Of the many formats available in the GUM repo, only four are actually used to generate the dataset, with other formats being dynamically generated from these. The four main source formats are found under the directory _build/src/ in the sub-directories:
- xml/ - CWB vertical format XML for token annotations and TEI span annotations, incl. date/time expressions
- dep/ - dependency syntax in the 10 column CoNLLU format
- tsv/ - WebAnno 3 tab separated export format for entity, information status and coreference annotations
- rst/ - rhetorical structure theory analyses in the rs3 format as used by rstWeb
Note that the corresponding formats in the full corpus release contain more annotations: for example, lemmas are not included in the CoNLLU files in src/, but will be added automatically from the XML files in the final generated CoNLLU files for each release.
All formats other than these are generated from these files automatically and there is no possibility to edit them (changes will be quashed on the next build process). References to source directories below (e.g. xml/) always refer to these sub-directories (_build/source/xml/).
Starting in GUM version 7, we include a version of constituent parses inside src/const/. Only a small subset of these files has gold standard constituent annotations, and the rest are automatically updated with each release using a state-of-the-art parser relying on gold POS tags. To re-generate const/ files, run the build-bot with the option -p.
Committing your corrections to Github
Because multiple people can contribute corrections simultaneously, merging corrections is managed over github. To contibute corrections directly, you should always:
- Fork the dev branch
- Edit, commit and push to your fork
- Make a pull request into the origin dev branch
Correcting token strings
Token strings come from the first column of the files in xml/. These should normally not be changed. Changing token strings in any other format has no effect (changes will be overwritten or lead to a conflict and crash). To correct whitespace (e.g. CoNLLU SpaceAfter annotations, plain text in CoNLLU files, etc., you can group together tokens which have no whitespace between them by adding <w> tags around the token lines in the .xml files in xml/ (see those files for examples). Trivial contractions (e.g. "don't") do not need to be surrounded by tags and are interpreted as non-whitespace-separated by the build bot by default.
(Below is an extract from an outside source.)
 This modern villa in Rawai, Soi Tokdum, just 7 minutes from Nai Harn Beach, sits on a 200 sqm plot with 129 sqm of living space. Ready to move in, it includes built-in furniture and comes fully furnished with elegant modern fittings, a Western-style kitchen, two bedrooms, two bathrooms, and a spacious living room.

Correcting POS tags and lemmas
GUM contains lemmas and four types of POS tags for every token:
- 'Vanilla' PTB tags following Santorini (1990)
- Extended PTB tags as used by TreeTagger (Schmid 1994)
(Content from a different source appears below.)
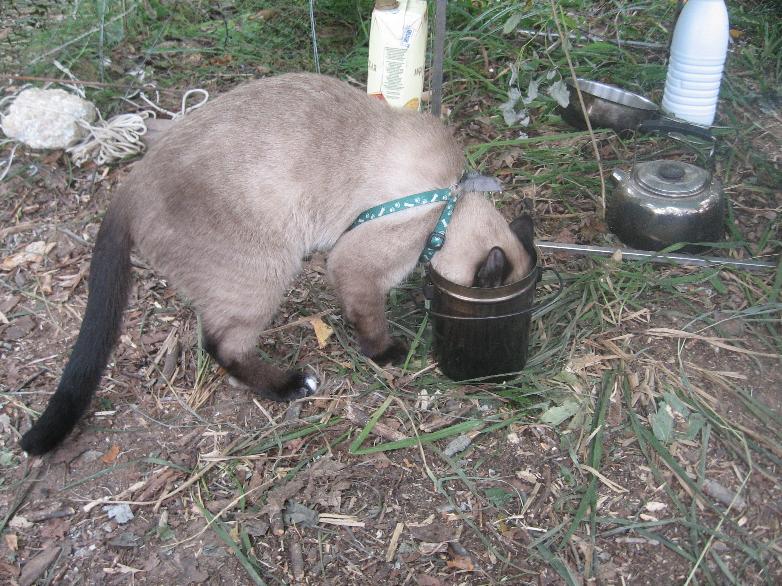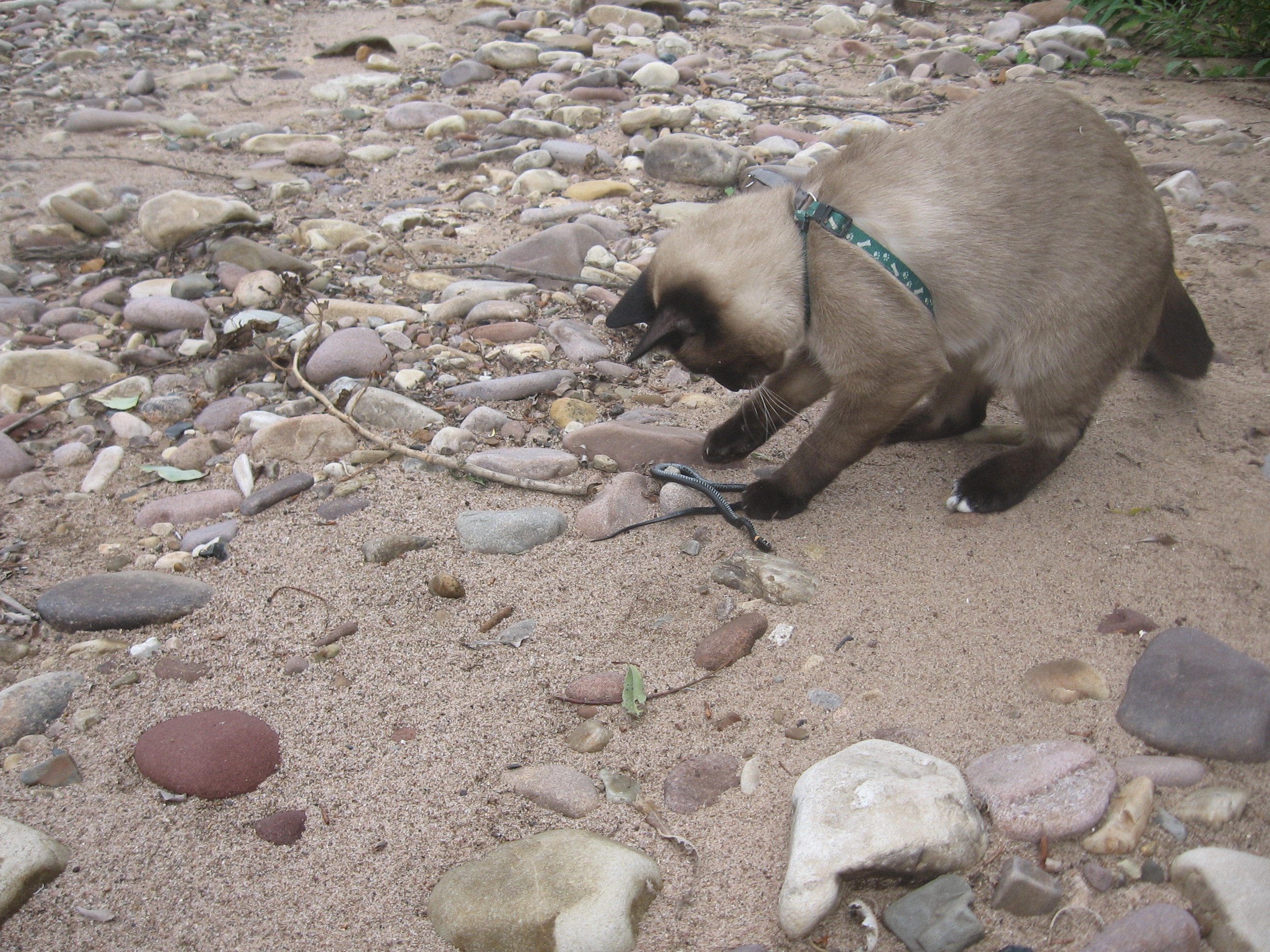 Мохнатый знакомится с окружающим миром, пытаясь заползти поглубже в заросли, но длина шлейки ему этого не позволяет, приходится брать его на руки и относить поближе к себе. Муж поймал ужика и положил возле лапок кота. У того была реакция молниеностная, прижав голову ужику, схватил его за шею (или что там у них ниже головы) и понес в кусты. Кровь предков, однако! Ведь сиамские кошки у себя на родине - в Сиаме (ныне Тайланд) отлично справлялись с некрупными кобрами, убивая их с необыкновенной скоростью.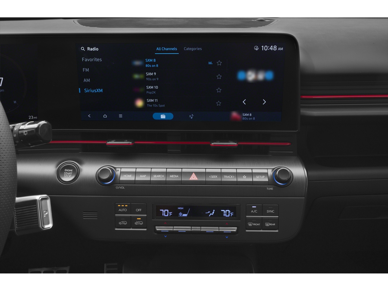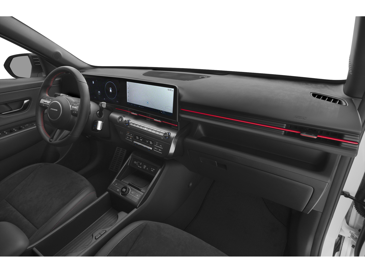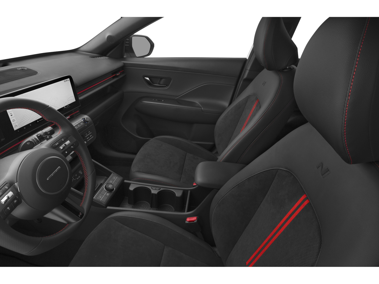 The Kona N Line's interior is a true sanctuary of comfort and convenience. Heated front sport bucket seats and a leather-wrapped steering wheel create a premium, driver-focused experience. Meanwhile, the advanced infotainment system with navigation, Apple CarPlay, and Android Auto seamlessly integrates your digital life, keeping you connected and entertained on the go.

- CLAWS5 tags as used in the BNC
- Universal POS tags as used in the Univeral Dependencies project
You can correct lemmas and extended PTB tags in the xml/ directory. Vanilla PTB tags are produced fully automatically from the extended tags and should not be corrected. Correct the extended tags instead. CLAWS tags are produced by an automatic tagger, but are post-processed to remove errors based on the gold extended PTB tags. As a result, most CLAWS errors can be corrected by correcting the PTB tags. Direct corrections to CLAWS tags will be destroyed by the build script. If you find a CLAWS error despite a correct PTB tag, please let us know so we can improve post-processing.
Correcting TEI tags in xml/
The XML tags in the xml/ directory are based on the TEI vocabulary. Although the schema for GUM is much simpler than TEI, some nesting restrictions as well as naming conventions apply. Corrections to XML tags can be submitted, however please make sure that the corrected file validates using the XSD schema in the _build directory. Corrections that don't validate will fail to merge. If you feel the schema should be updated to accommodate some correction, please let us know.
Syntactic dependency information in the src/dep/ directory can be corrected directly there. However note that:
- Only dependency head and function originate in these files
- POS tags and lemmas, as well as sentence type and speaker information come from the xml/ files
- You can't alter tokenization or sentence break information (see below)
const/ - Constituent trees
Constituent trees in src/const/ are generated automatically based on the tokenization, POS tags and sentence breaks from the XML files, and cannot be corrected manually at present. Eight constituent files are also hand-annotated and are never edited by the build-bot. Note that token-less data for reddit documents is included in the release under src/const/ for convenience. This data can be used to restore reddit constituent parses using _build/process_reddit.py without having to re-run the constituent parser.
Syntactic function labels for constituents (e.g. NP-SBJ, PP-DIR, etc.) are projected automatically from the dependency syntax files; if you find a constituent function label error on a correct phrase tree, you cannot correct it manually, but please let us know so we can improve the projection algorithm.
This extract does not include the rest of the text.